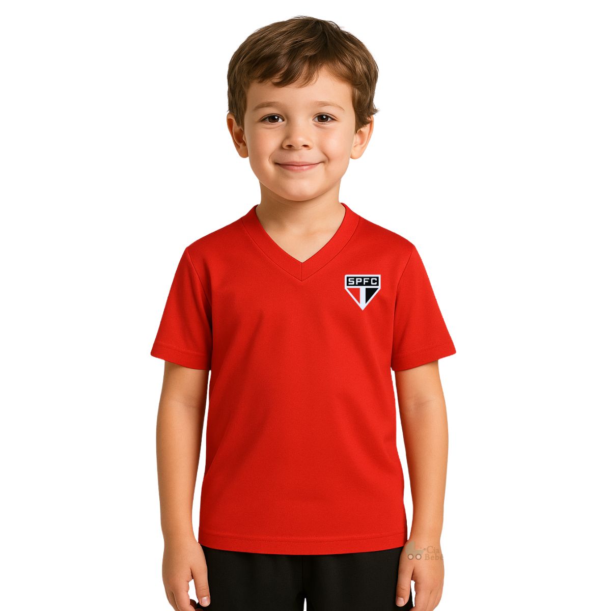Camiseta Infantil São Paulo Vermelha Gola V Oficial
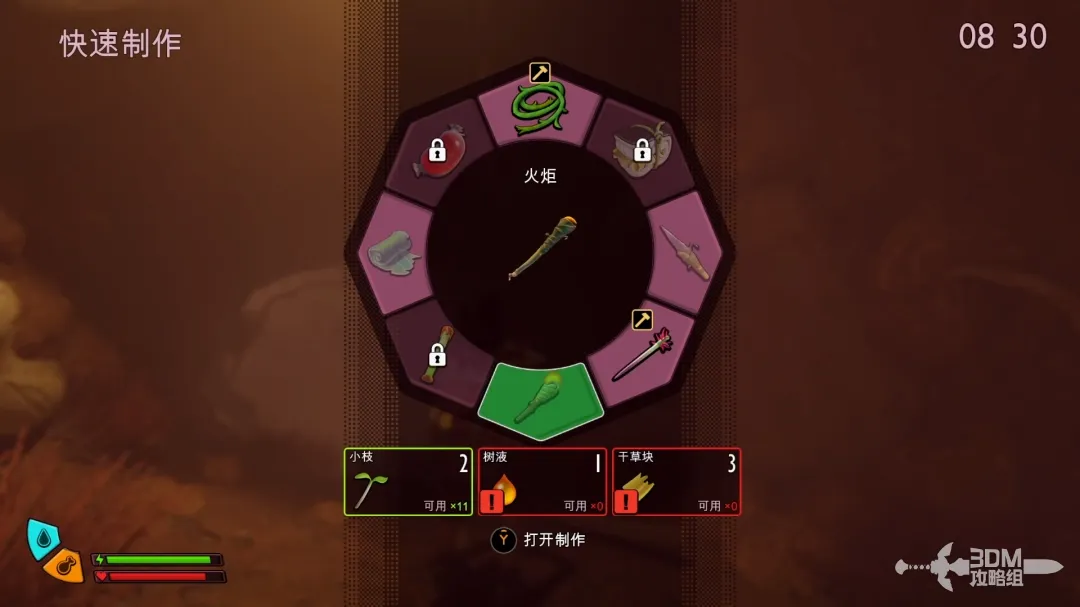 制作火炬需要小枝、树液和干草块,一会儿去探索时需要用到。
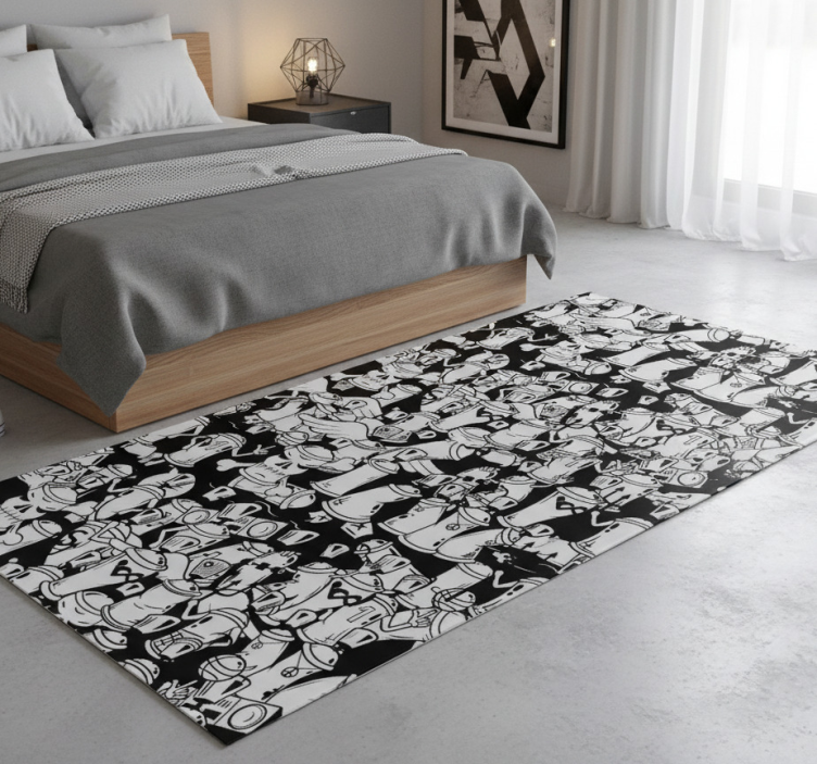 Bedroom vinyl rug featuring black and white spray cans

● ● ● ● ● ● ●

→ DIRECTIONS:
What you return must match the material above exactly, minus its pictures.

→ SOLUTION TO THIS TASK:
Camiseta Infantil São Paulo Vermelha Gola V Oficial
 制作火炬需要小枝、树液和干草块,一会儿去探索时需要用到。
 Bedroom vinyl rug featuring black and white spray cans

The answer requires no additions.